Selling that old cellphone? Make sure you wipe it clean of personal data. Then really make sure.

More than half of the secondhand mobile phones examined in a British study still had sensitive personal data on them, including credit- and debit-card PINs, Facebook and Twitter usernames and passwords, bank account details, friends’ phone numbers and company information.

Yet a related poll of British adults who’d sold mobile phones found that 81 percent believed they’d completely cleaned their old handsets of personal data.

“White hat” hacker (someone who uses his skills to improve security) Jason Hart bought 35 used cellphones from eBay and brick-and-mortar shops. He used data-recovery tools of varying strength to find that 19 still contained the previous owners’ personal data.

He also bought 50 used SIM (Subscriber Identity Module) cards, used to identify users in GSM-network phones, from the same sources. Twenty-seven of them still held personal data from the previous owners.

"This report is a shocking wake-up call and shows how mobile phones can inadvertently cause people to be careless with their personal data,” said Danny Harrison of CPP Group, the English data-protection company that commissioned the study, in a press release.

Why the discrepancy between the opinion survey and the reality? It turned out most of the people who’d thought they’d wiped their phones had in fact only manually deleted data, which is inefficient at best and tends to leave a lot of unseen information lurking in the background.

Security experts recommend that phone sellers instead first make sure they log out of all Internet-based remote accounts the phone is linked to, then “factory reset” their handsets before passing them on.

As for the SIM card?
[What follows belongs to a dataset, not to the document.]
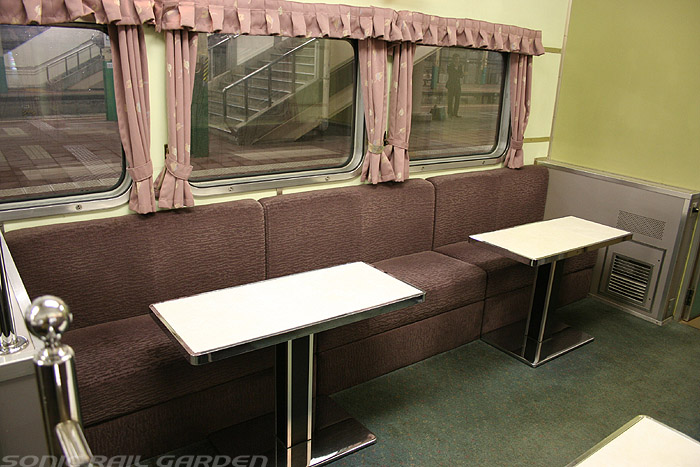 大阪方の1〜4号車は普通車自由席。 583系の昼行仕様のボックスシートを展開して、夜行列車の座席車両として使用しています。 元々が「特急車両」として開発された583系。そのためボックスシートといってもそれなりの居住性が保たれています。 座席面のクッションは若干ビョンビョンとハネる嫌いもありますが、そこそこの柔らかさと座り心地。 座席間ピッチも1,900mmとなっていて、けっこう広いなと感じます。 (もっとも1人で座ったときの感想で、大人4人で座って一晩を向き合って過ごすのはかなりキツいかと。) 窓下にテーブルがあるほかに、通路側席にもサイド部分からの引き出し式テーブルが設置されています。 ほんとに小さなテーブルでちょっとした「小物置き」程度の大きさ。ペットボトルくらいなら置いておくことができます。 自由席では夜間の減光は行われず、一晩中煌々と天井の蛍光灯が点灯した状態で走り続けます。 |

If you’re not transferring it to another handset, then step on it, crush it, chop it up with scissors — make sure it’s toast.
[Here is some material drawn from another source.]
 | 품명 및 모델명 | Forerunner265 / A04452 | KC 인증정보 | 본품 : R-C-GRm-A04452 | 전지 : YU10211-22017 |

"The safest way to remove all of your data from a mobile phone or SIM card is to totally destroy the SIM and double check to ensure that all content has been removed from your phone before disposal," Hart said in the CPP press release.

The mobile phone resale market is robust in Britain, where a single phone standard is used and consumers have a long history of trading up to newer, often more expensive handsets, a process made easy by interchangeable GSM cards.
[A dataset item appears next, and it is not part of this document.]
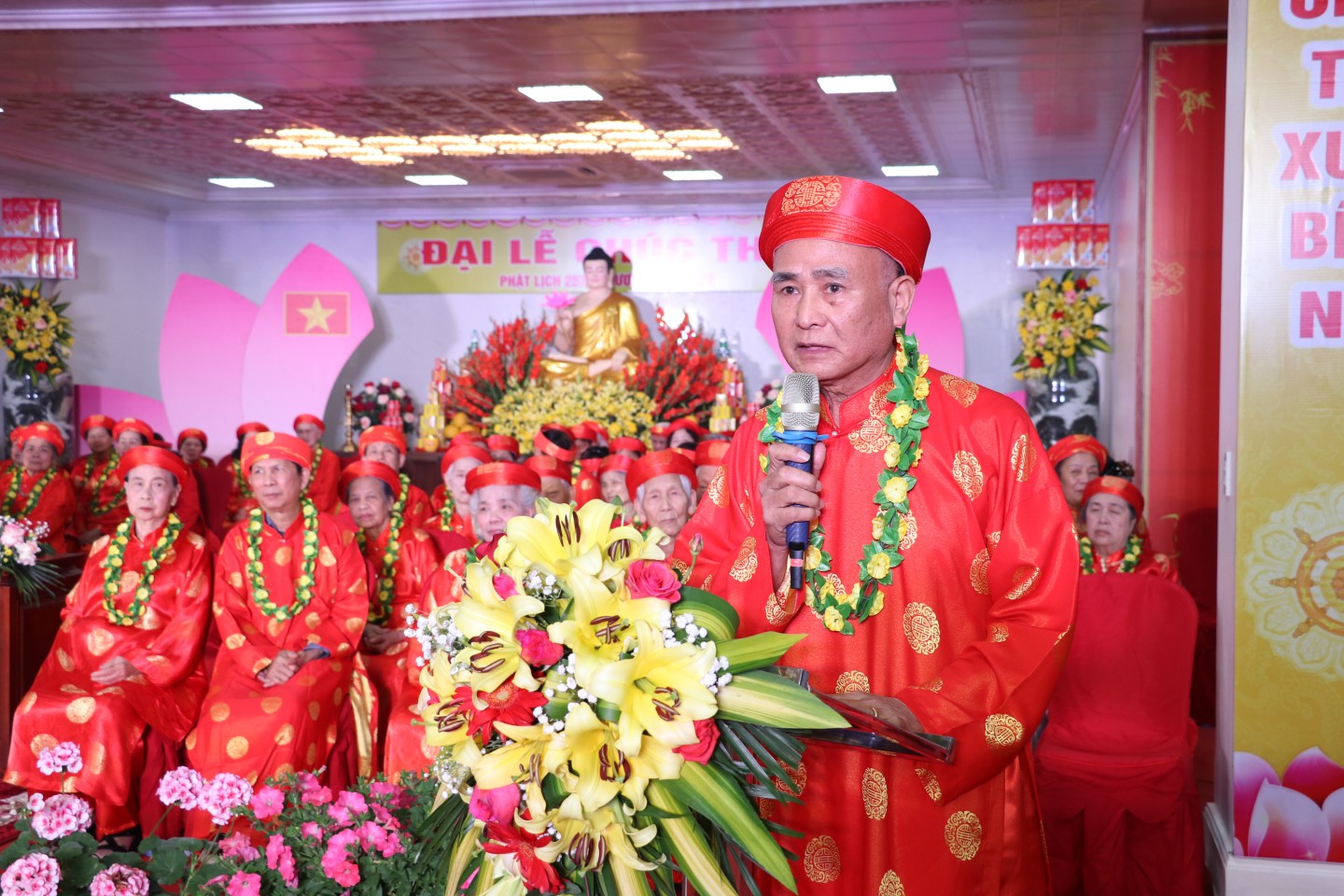 Đại diện phật tử được chúc thọ phát biểu tại Đại lễ chúc thọ

In North America, large-scale cellphone resales really took off only after the introduction of the second-generation Apple iPhone, which flooded the market with still-in-demand first-generation iPhones. Until then, used cellphones had been seen here as nearly worthless — as used SIM cards still are.

That doesn’t make North Americans, who are embracing smartphones heartily, any less susceptible to inadvertent cellphone data breaches.

“Our experiment found that newer smartphones have more capabilities to store information,” said Hart, “and that information is much easier to recover than on traditional mobiles due to the increase of applications."